6. Other Exploratory Data Analyses (EDA) and Visualizations

1. A procedure is available to create animated series to be displayed in Google Earth. Under 'Other', click 'Export to KML for EDA' to access this procedure. It creates a kml¹³ file that opens in Google Earth for interactive animation of the trajectory.
2. One may follow the trajectory to travel the environment in time by scrolling along the timeline in Google Earth.
3. A procedure is available to visualize connections among places of interest through 'Connection analysis'. For example, connections among different buildings on a University campus are derived from segmented trajectory data that were collected by students (Figure 7).
4. Based on the derived connections, hotspots such as those buildings with the most outbound or inbound traffic and hubs that connect the most trafficked places may be identified.

Representative Results

Trajectory data was collected by volunteering undergraduate students from Kean University (NJ, USA) in spring 2010. The purpose was to study activity patterns of students who caught influenza (diagnosed by doctor or self-diagnosed) in comparison to those who did not. In order to illustrate the methods and procedure presented in this paper we took the trajectories collected within the suburban campus area to generate representative results. Trajectories within the campus area are mostly pedestrian trajectories, with only a small portion resulting from driving between the various parking lots and outside of the campus.

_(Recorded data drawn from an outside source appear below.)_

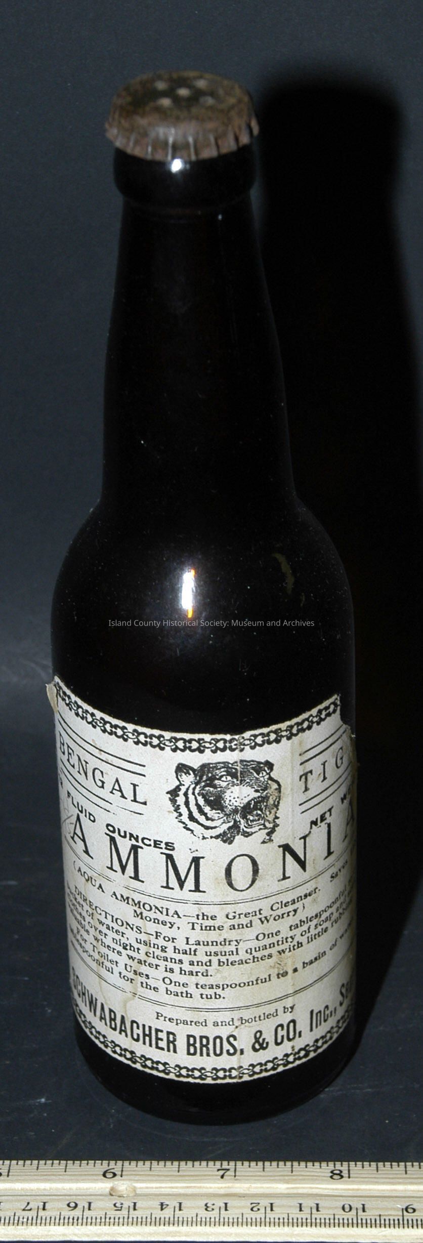 brown 9 1/2" bottle with metal lid - Bengal Tiger brand Ammonia
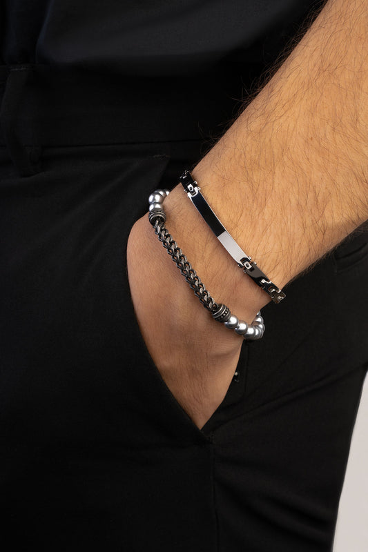 Hematit Taşlı Erkek Çelik Bileklik 02438271299
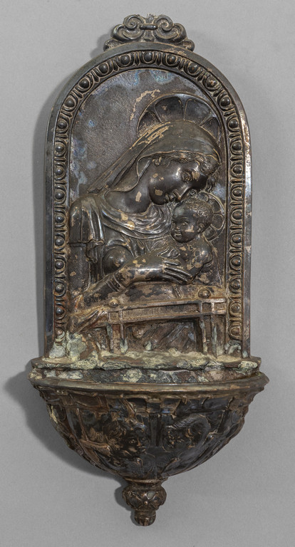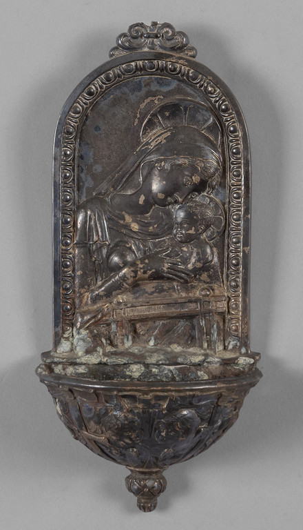 Acquasantiera in metallo argentato raffigurante la Madonna con il Bambino sec.XIX
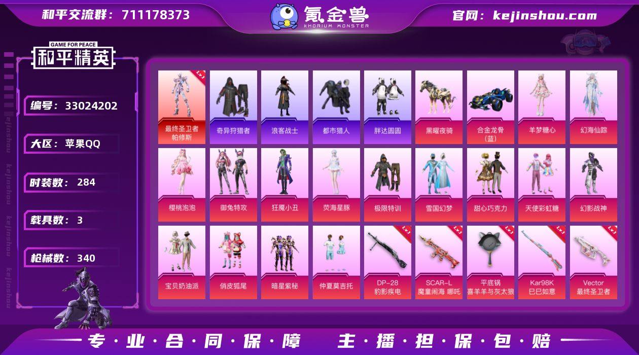 可二次实名【双字ID 2级红装都市猎人浪客战士红眼罩雪国幻梦16粉装13特效枪3载具小熊背包胖达圆圆素材号 秒换绑不用等】 苹果Q区-123442热力值-284套装-340枪皮 【1红装】 最终圣卫者-帕修斯(2级)【3载具】 阿斯顿·马丁DBS(绿) 合金龙骨(蓝) 黑曜夜骑【9稀有】 都市猎人 萌熊伴侣背包(小熊背包) 攀登者外套/裤子 恶魔人蛛 胖达圆圆卤蛋头 冷酷挑战者 奇异狩猎者 浪客战士 红眼罩【16粉装】 狂魇小丑(新小丑) 极限特训 雪国幻梦(冰雪女王) 宝贝奶油派 天使彩虹糖 甜心巧克力 暗星紫秘 仲夏莫吉托 幻影战神 俏皮狐尾 角色-樱桃泡泡 御兔特攻 角色-幻海仙踪 角色-荧海星豚 角色-羊梦糖心【13特效枪】 M416-灵猫魔法师(3级) Vector-最终圣卫者(3级) M416-心之恋语(6级) Kar98K-伏魔团(5级) Mk14-闲梦青缨(6级) SCAR-L-锦绣绵绵(5级) AWM-花间之火(7级) AKM-绿萝繁花(5级) 蜜獾-荧海星豚(4级) Kar98K-巳巳如意(5级) DP-28-豹影疾电(5级) SCAR-L-魔童闹海 哪吒(3级) 平底锅-喜羊羊与灰太狼(4级)【320热门】 RSG追光队服 胖达圆圆 暗夜契约(假黑丝) 暗影哥特(红眼罩) 浪漫天命 都市猎人(蓝口罩) 雪山精英(老6服) 好奇恐龙 小丑鱼 迅捷狂鲨 大橘为重 金羽特工 团圆交子 瑞龙...
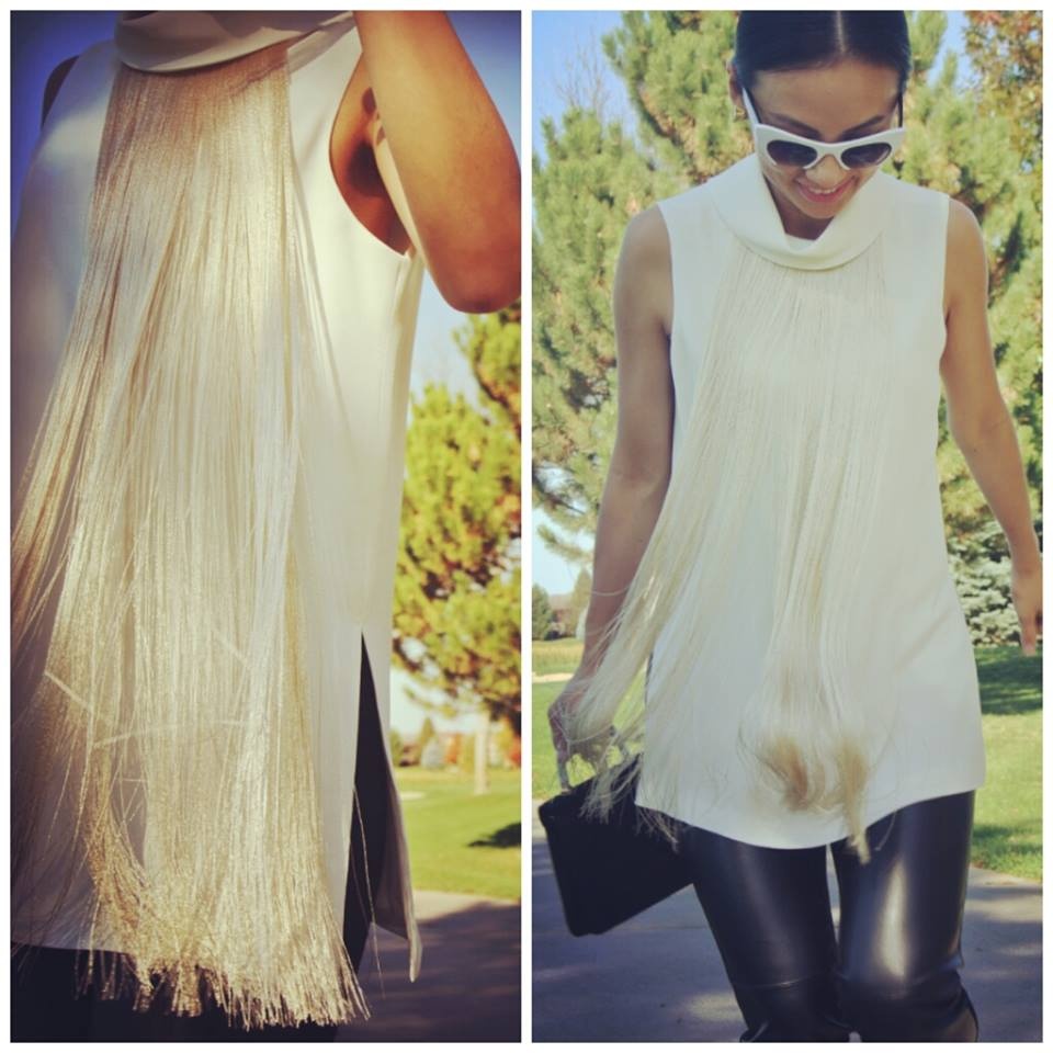 | Tua rua vốn là xu hướng của mùa thu đông 2014 và Huyền Ny là một trong những sao Việt làm lan toả phong cách này. Chiếc áo gam trắng đơn giản được nhấn bằng phần tua rua loà xoà và hút mắt trước thân áo. |
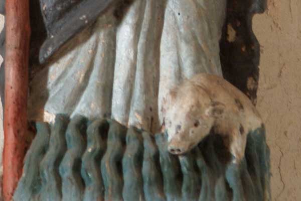 Le cochon de saint Antoine dans les flammes du feu sacré.
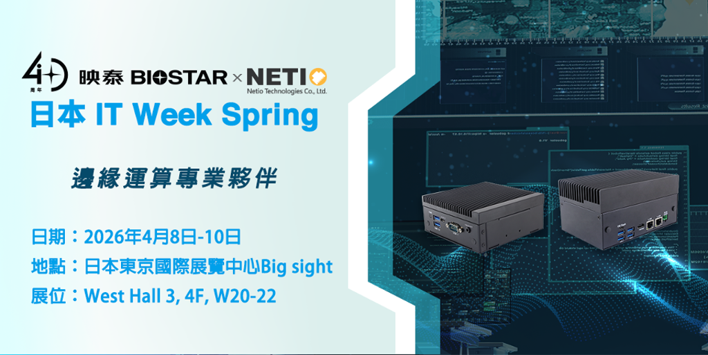 工業電腦設備領導品牌BIOSTAR映泰宣布與台灣IPC解決方案供應商展嘉科技(Netio Technologies)攜手參加2026年日本IT Week春季展,展會於4月8日至4月10日在日本東京Big Sight舉行。參觀者可於 West Hall 3 四樓 W20-22 攤位,親自體驗雙方合作的...
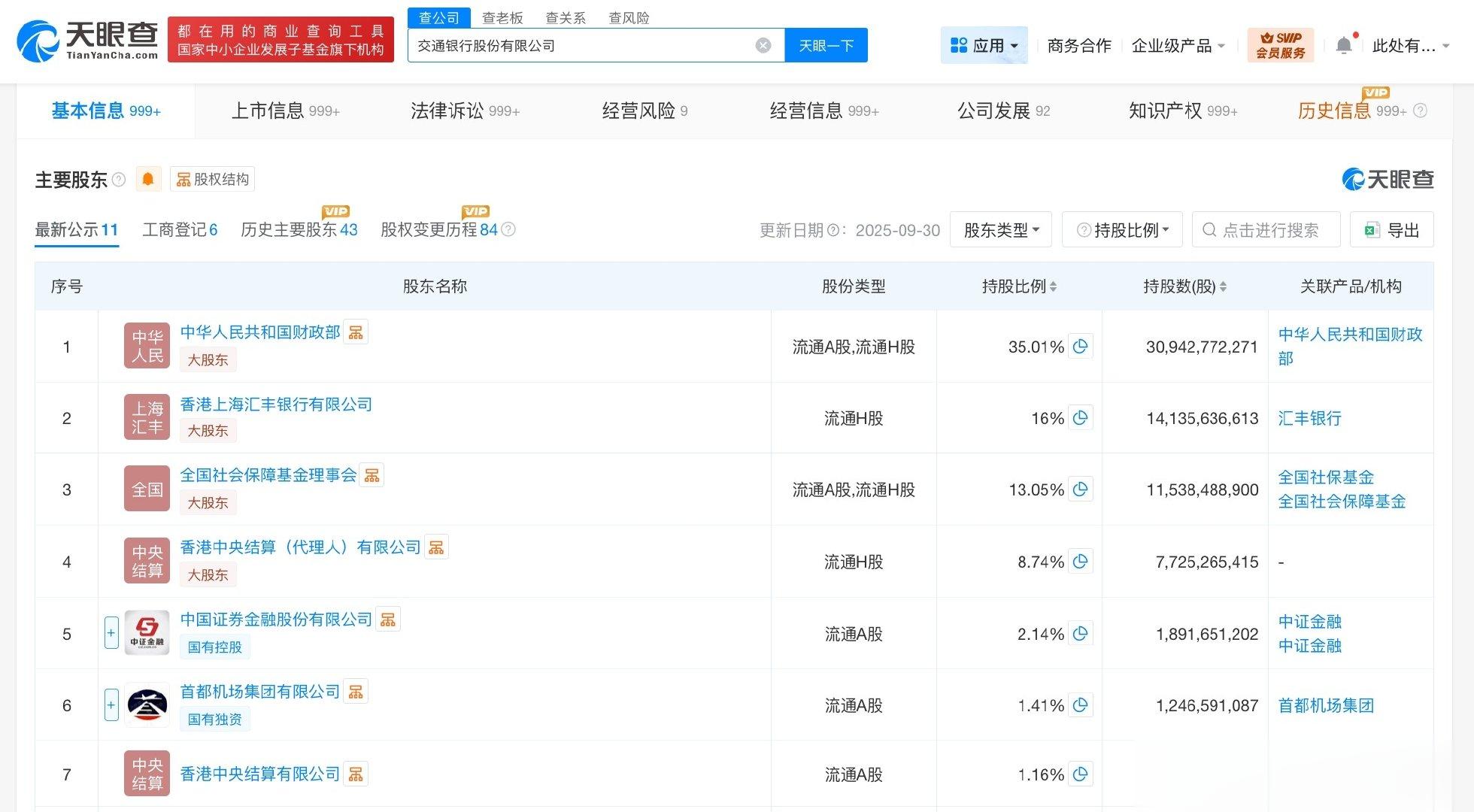 交通银行股份有限公司成立于1987年3月,法定代表人为任德奇,经营范围含吸收公众存款,发放短期、中期和长期贷款,办理国内外结算,办理票据承兑与贴现,发行金融债券,代理发行、代理兑付、承销政府债券等。股东信息显示,该公司由中国证券金融股份有限公司、首都机场集团有限公司、香港中央结算有限公司等共同持股。

The space-time cube representation of trajectories with reference to buildings on the university campus is shown in Figure 1. Figure 1A is the raw data collected by a student recording one day of his activity on campus using an AGPS device (a commercial child tracker). It is obvious that some long duration of indoor stays has resulted in noisy data (indicated by the spiky portion of the track). This is very common in pedestrian trajectory data. Figure 1B shows the pre-processed and segmented trajectory. Figure 1C shows the pre-processed and segmented trajectory with color-coded indoor and outdoor segments in the space-time cube.

Figures 2 to 4 illustrate density surface mapping of a set of trajectories. Figure 2 shows the raw tracking points involved to perform a 'Track point density' mapping option (Figure 2A) and the resulting density map (Figure 2B). Instead of mapping densities of tracking points, Figure 3 maps the densities of traveled paths. Density mapping is particular useful when analyzing large amount of trajectories. Figure 4A displays a total of 470 trajectories. Figures 4B and 4C show the density surface in a 2D (left) and 3D representations (right) using re-sampled points from these trajectories.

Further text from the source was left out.